==== Source material ====

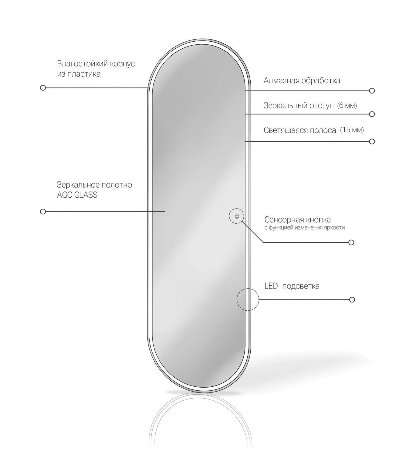 - Зеркало влагостойкое , оснащенное светодиодной LED подсветкой с диммером и сенсорным выключателем .
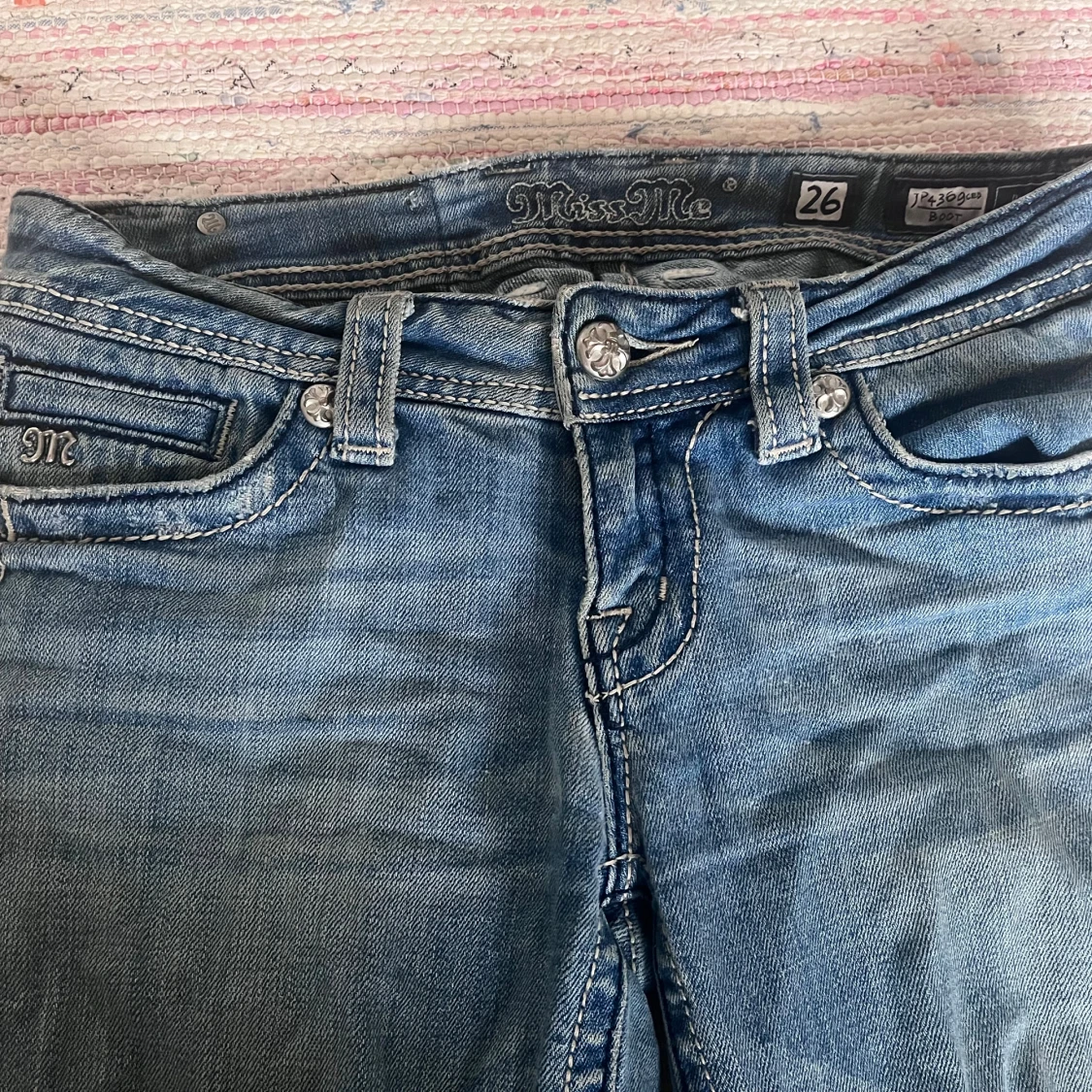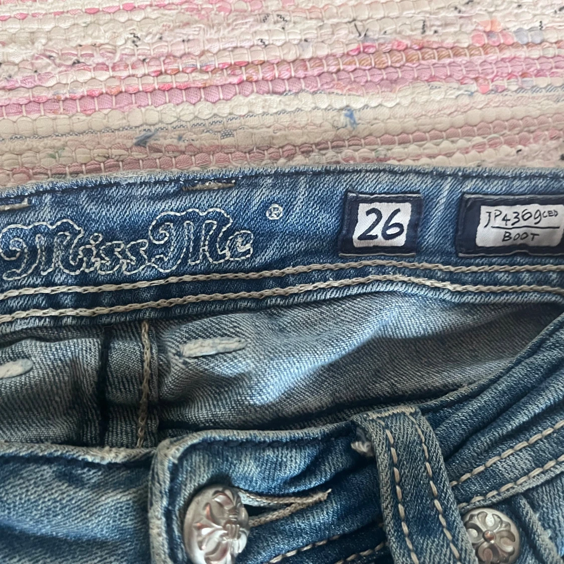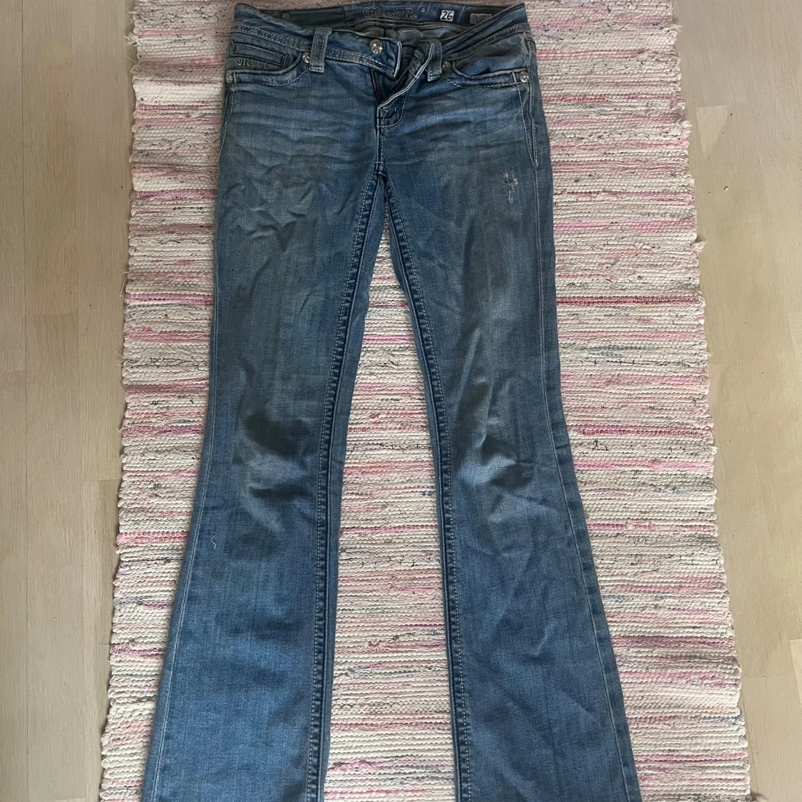 Säljer ett par skit snygga ljusblå jeans från Miss Me med snygg bootcut-modell och låg midjade. De har inga defekter förutom en knapp som saknas på byxettiketen där bak men det märks aldrig. Skriv om du har frågor eller vill ha mer bilder.🩷😊
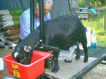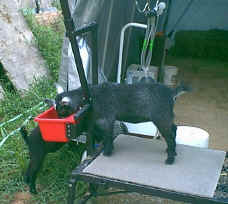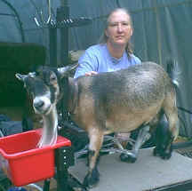 Over the many years of owning, breeding, and showing pygmy goats, one question kept coming up, "What do you do with them?".  Fair goers, co-workers, and prospective goat owners have asked this question of us many times.  The American Goat Society, the first registry to recognize the pygmy goat in America, defined the pygmy as a miniature dairy goat.  Several long time breeders and founders of the National Pygmy Goat Association tout the milk quality and milking ability of pygmy goats.  This aside, we still toyed with the idea of getting a dairy goat for the milk.  But why?  Are pygmies good milk goats or aren't they?   During the summer of 2001, we decided to give it a try.
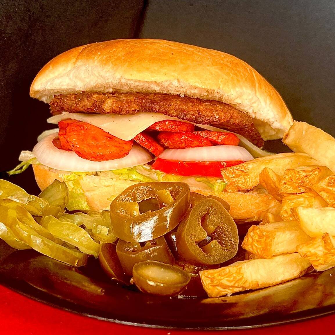 Hamburguesa con carne de res a la parrilla, mortadela, salami, queso de puerco, pastel pimiento, jamón , salchicha y queso asadero.
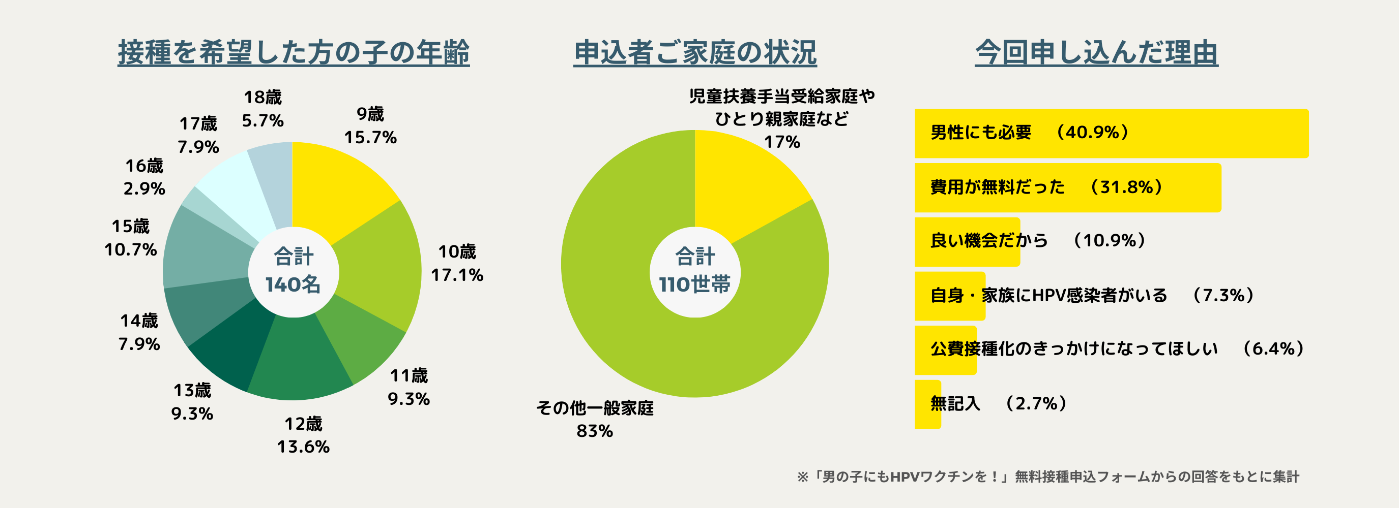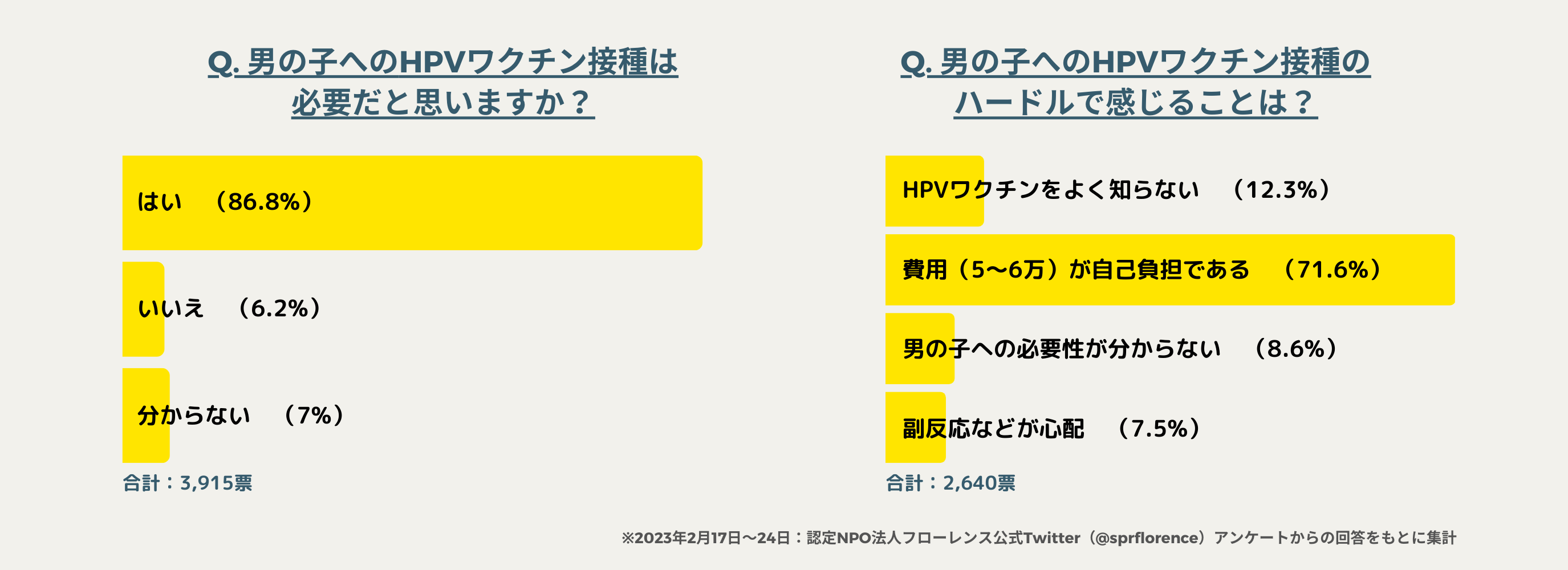国内最大規模の子ども・子育て支援団体「認定NPO法人フローレンス」グループと、医療関係者などによる「HPVについての情報を広く発信する会(通称:みんパピ!)」は、1月23日より『男の子にもHPVワクチンを!』ソーシャルアクションを実施しています。HPVワクチンの男性への公費接種化を訴えるため、18歳以下の男性60名に無料接種を提供しているほか、3月4日「国際HPV啓発デー」に合わせ、男性へのHPVワクチン接種に関するアンケート結果を公開します。本アクションを通じHPVワクチンの男性への公費助成での接種ニーズが非常に高いことが分かりました。実際に接種を申し込んだご家庭の声も含め、以下にデータをまとめています。
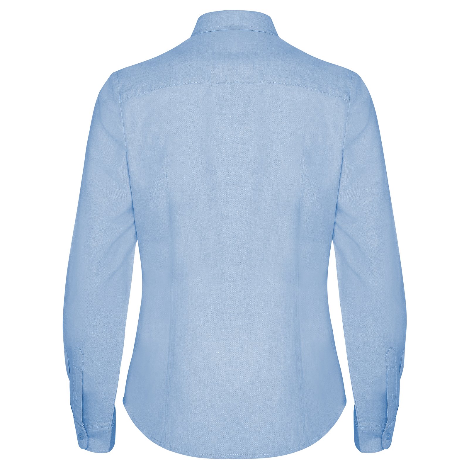 Camisa de manga larga de mujer entallada. · Pinzas en delantero y espalda. · Bolsillo frontal izquierdo. · Puño con pinzas y dos botones. · Espalda con canesú. · Bajo redondeado. Composición: 70% algodón / 30% poliéster, tejido Oxford, 140 g/m². Observaciones:…
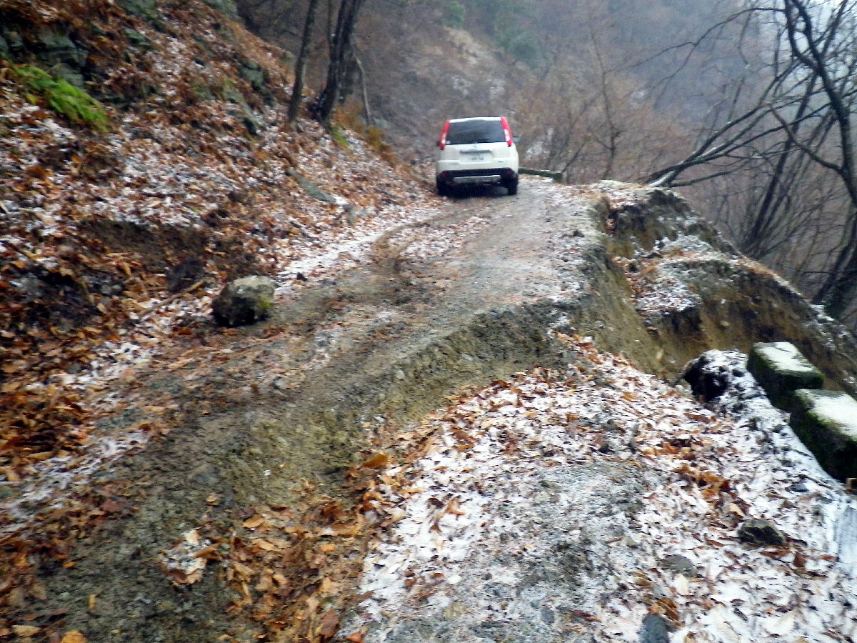 この林道の亀裂の走っているところは、ちょうど万歳橋の上あたりじゃなかったかな?

====

== Task item ==
If pictures appear in the data, do not print them; repeat the rest exactly.

== Response to the task ==
 - Зеркало влагостойкое , оснащенное светодиодной LED подсветкой с диммером и сенсорным выключателем .
 Säljer ett par skit snygga ljusblå jeans från Miss Me med snygg bootcut-modell och låg midjade. De har inga defekter förutom en knapp som saknas på byxettiketen där bak men det märks aldrig. Skriv om du har frågor eller vill ha mer bilder.🩷😊
 Over the many years of owning, breeding, and showing pygmy goats, one question kept coming up, "What do you do with them?".  Fair goers, co-workers, and prospective goat owners have asked this question of us many times.  The American Goat Society, the first registry to recognize the pygmy goat in America, defined the pygmy as a miniature dairy goat.  Several long time breeders and founders of the National Pygmy Goat Association tout the milk quality and milking ability of pygmy goats.  This aside, we still toyed with the idea of getting a dairy goat for the milk.  But why?  Are pygmies good milk goats or aren't they?   During the summer of 2001, we decided to give it a try.
 Hamburguesa con carne de res a la parrilla, mortadela, salami, queso de puerco, pastel pimiento, jamón , salchicha y queso asadero.
国内最大規模の子ども・子育て支援団体「認定NPO法人フローレンス」グループと、医療関係者などによる「HPVについての情報を広く発信する会(通称:みんパピ!)」は、1月23日より『男の子にもHPVワクチンを!』ソーシャルアクションを実施しています。HPVワクチンの男性への公費接種化を訴えるため、18歳以下の男性60名に無料接種を提供しているほか、3月4日「国際HPV啓発デー」に合わせ、男性へのHPVワクチン接種に関するアンケート結果を公開します。本アクションを通じHPVワクチンの男性への公費助成での接種ニーズが非常に高いことが分かりました。実際に接種を申し込んだご家庭の声も含め、以下にデータをまとめています。
 Camisa de manga larga de mujer entallada. · Pinzas en delantero y espalda. · Bolsillo frontal izquierdo. · Puño con pinzas y dos botones. · Espalda con canesú. · Bajo redondeado. Composición: 70% algodón / 30% poliéster, tejido Oxford, 140 g/m². Observaciones:…
 この林道の亀裂の走っているところは、ちょうど万歳橋の上あたりじゃなかったかな?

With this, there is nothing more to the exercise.